### Dataset excerpt
◆ ◆ ◆ ◆ ◆
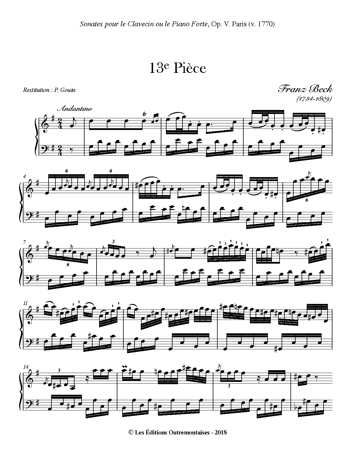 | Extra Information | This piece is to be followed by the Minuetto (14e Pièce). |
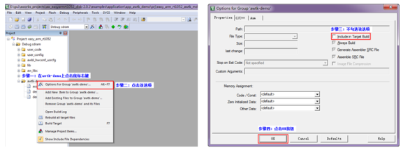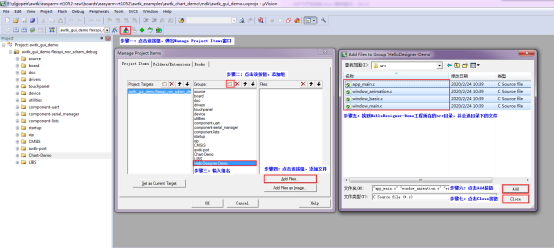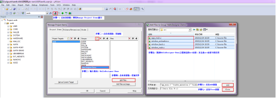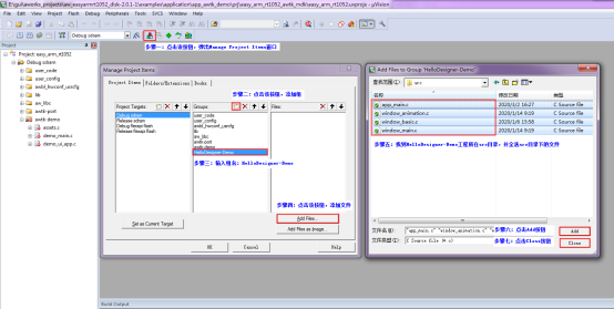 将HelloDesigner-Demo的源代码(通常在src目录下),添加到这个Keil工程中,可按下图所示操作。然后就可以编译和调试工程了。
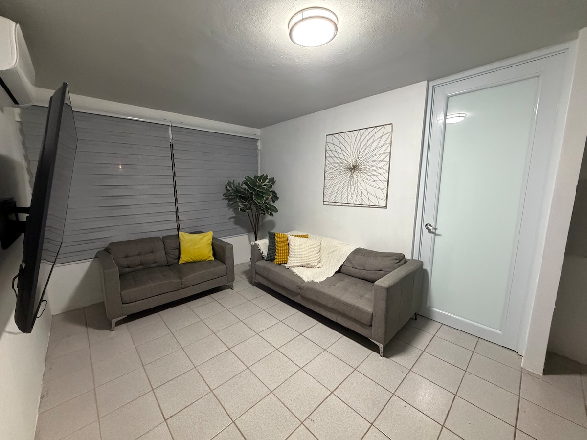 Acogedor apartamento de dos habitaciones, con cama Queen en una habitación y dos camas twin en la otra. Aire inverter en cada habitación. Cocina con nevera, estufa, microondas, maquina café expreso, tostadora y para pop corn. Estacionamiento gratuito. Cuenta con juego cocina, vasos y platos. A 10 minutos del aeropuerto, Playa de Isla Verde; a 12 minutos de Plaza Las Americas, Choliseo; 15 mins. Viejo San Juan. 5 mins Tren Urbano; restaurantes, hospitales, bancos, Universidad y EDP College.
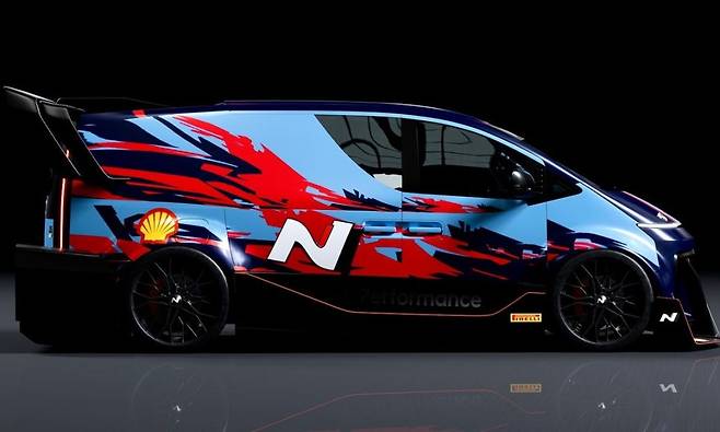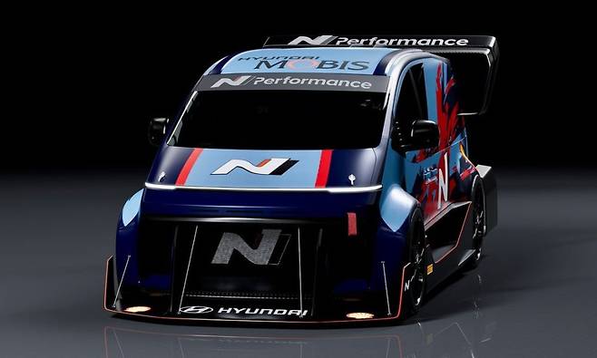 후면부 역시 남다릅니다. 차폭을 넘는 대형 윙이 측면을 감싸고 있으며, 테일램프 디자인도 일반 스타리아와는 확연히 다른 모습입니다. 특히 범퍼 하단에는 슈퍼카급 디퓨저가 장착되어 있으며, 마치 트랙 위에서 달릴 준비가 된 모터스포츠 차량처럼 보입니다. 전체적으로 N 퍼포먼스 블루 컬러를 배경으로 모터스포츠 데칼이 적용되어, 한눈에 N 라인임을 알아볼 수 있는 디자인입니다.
◆ ◆ ◆ ◆ ◆
### Exercise objective
Word-for-word output of the material above is needed, with the pictures left out.

### Answer
 | Extra Information | This piece is to be followed by the Minuetto (14e Pièce). |
 将HelloDesigner-Demo的源代码(通常在src目录下),添加到这个Keil工程中,可按下图所示操作。然后就可以编译和调试工程了。
 Acogedor apartamento de dos habitaciones, con cama Queen en una habitación y dos camas twin en la otra. Aire inverter en cada habitación. Cocina con nevera, estufa, microondas, maquina café expreso, tostadora y para pop corn. Estacionamiento gratuito. Cuenta con juego cocina, vasos y platos. A 10 minutos del aeropuerto, Playa de Isla Verde; a 12 minutos de Plaza Las Americas, Choliseo; 15 mins. Viejo San Juan. 5 mins Tren Urbano; restaurantes, hospitales, bancos, Universidad y EDP College.
 후면부 역시 남다릅니다. 차폭을 넘는 대형 윙이 측면을 감싸고 있으며, 테일램프 디자인도 일반 스타리아와는 확연히 다른 모습입니다. 특히 범퍼 하단에는 슈퍼카급 디퓨저가 장착되어 있으며, 마치 트랙 위에서 달릴 준비가 된 모터스포츠 차량처럼 보입니다. 전체적으로 N 퍼포먼스 블루 컬러를 배경으로 모터스포츠 데칼이 적용되어, 한눈에 N 라인임을 알아볼 수 있는 디자인입니다.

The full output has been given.